In the 2nd module, you utilize the knowledge from module 1 and discover how to deal with large datasets to develop ML models with the NVIDIA RAPIDS structure. In the hands-on laboratory, you download the Airline Service Quality Performance dataset, and run GPU sped up information prep, model training, and model release.
In the 3rd module, you get a quick history of how computer system vision (CV) has evolved, find out how to work with image information, and find out how to construct end-to-end CV applications using Amazon SageMaker. In the hands-on lab, you download the CUB_200 dataset, and then train and release an object detection model on SageMaker.
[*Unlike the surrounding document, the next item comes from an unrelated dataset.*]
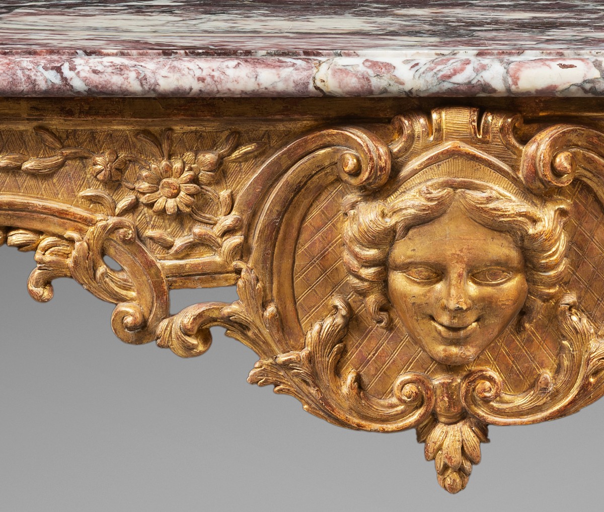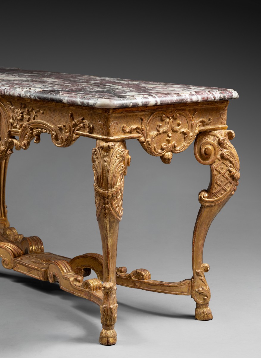 Notre console, en tilleul sculpté, fut exécutée quelques années après la fin du règne de Louis XIV; elle conserve une belle entretoise en X, composée de volutes feuillagées et d’un plateau fleuri en son centre. Comme l’entretoise, les ceintures sont sculptés sur des plans encore très droits, mais rythmés par des découpes prononcées. Quelques ajours apparaissent déjà. Les montants qui forment les pieds sont puissamment balancés. La beauté de cette console s’appuie sur un équilibre des galbes et des volumes absolument parfait.

In the fourth module, you discover about the application of deep learning for natural language processing (NLP). What is the BERT language design, and why are such language designs utilized in lots of popular services like search, workplace productivity software, and voice representatives? Are NVIDIA GPUs the fastest and the most cost-efficient platform to train and deploy NLP designs?
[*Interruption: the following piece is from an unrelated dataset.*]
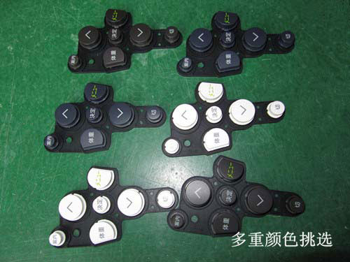 產品是出口日本的體重測量儀按鍵,主要是采用硅膠做成彈性襯托表面增加塑膠按鈕的一款P+R結構設計特點。表面的塑膠鍵帽可以根據客戶的需求進行顏色的調整,呈現多種多樣的硅膠制品外觀圖。
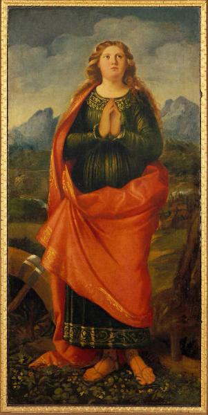 - NOTIZIE STORICO CRITICHE Si tratta dello scomparto centrale del "Trittico di Locatello". Gli altri scomparti sono: "Santo Stefano" (Bergamo, Accademia Carrara, num. inv. 81LC00192) e "San Giacomo Maggiore" (già Venezia, già Proprietà Pietro Scarpa Antichità). Il dipinto è stato riportato su tela da un supporto originale ligneo. Guglielmo Lochis acquistò l'opera prima del 1846.

Hands-on Machine Learning with AWS and NVIDIA is a terrific method to accomplish toolsets required for modern-day ML in the cloud. With this course, you can move jobs from conceptual stages to production phases much faster by leaving the undifferentiated heavy lifting of building facilities to AWS and NVIDIA GPUs, and apply your brand-new found understanding to resolve new difficulties with AI and ML.
Improve your ML abilities in the cloud, and begin using them to your own service challenges by enrolling today at Coursera!
About the Authors
Pavan Kumar Sunder is a Solutions Architect Leader with the Envision Engineering team at Amazon Web Services. He provides technical guidance and assists customers accelerate their ability to innovate through showing the art of the possible on AWS. He has developed numerous models and recyclable solutions around AI/ML, IoT, and robotics for our consumers.
Isaac Privitera is a Senior Data Scientist at the Amazon Machine Learning Solutions Lab, where he establishes custom artificial intelligence and deep learning services to address customers company issues. He works primarily in the computer system vision space, focusing on enabling AWS clients with dispersed training and active learning.
Cameron Peron is Senior Marketing Manager for AWS AI/ML Education and the AWS AI/ML neighborhood. He evangelizes how AI/ML development resolves complicated challenges dealing with neighborhood, business, and startups alike. Out of the office, he enjoys staying active with kettlebell-sport and spending quality time with his friends and family, and is a devoted fan of Euro-league basketball.
The course has four parts, and is designed to help maker learning (ML) enthusiasts quickly discover how to perform modern-day ML in the AWS Cloud. AWS and NVIDIA provide the fastest, most reliable, and user friendly ML tools to jump-start your ML task. This course is created for ML professionals, consisting of data scientists and developers, who have a working knowledge of ML workflows. This course helps data researchers and designers prepare, construct, train, and deploy premium ML designs quickly by bringing together a broad set of capabilities purpose-built for ML within Amazon SageMaker. After completing this course, you will have the knowledge to construct, train, deploy, and enhance ML workflows with GPU acceleration in SageMaker and understand the essential SageMaker services applicable to tabular, computer system vision, and language ML jobs.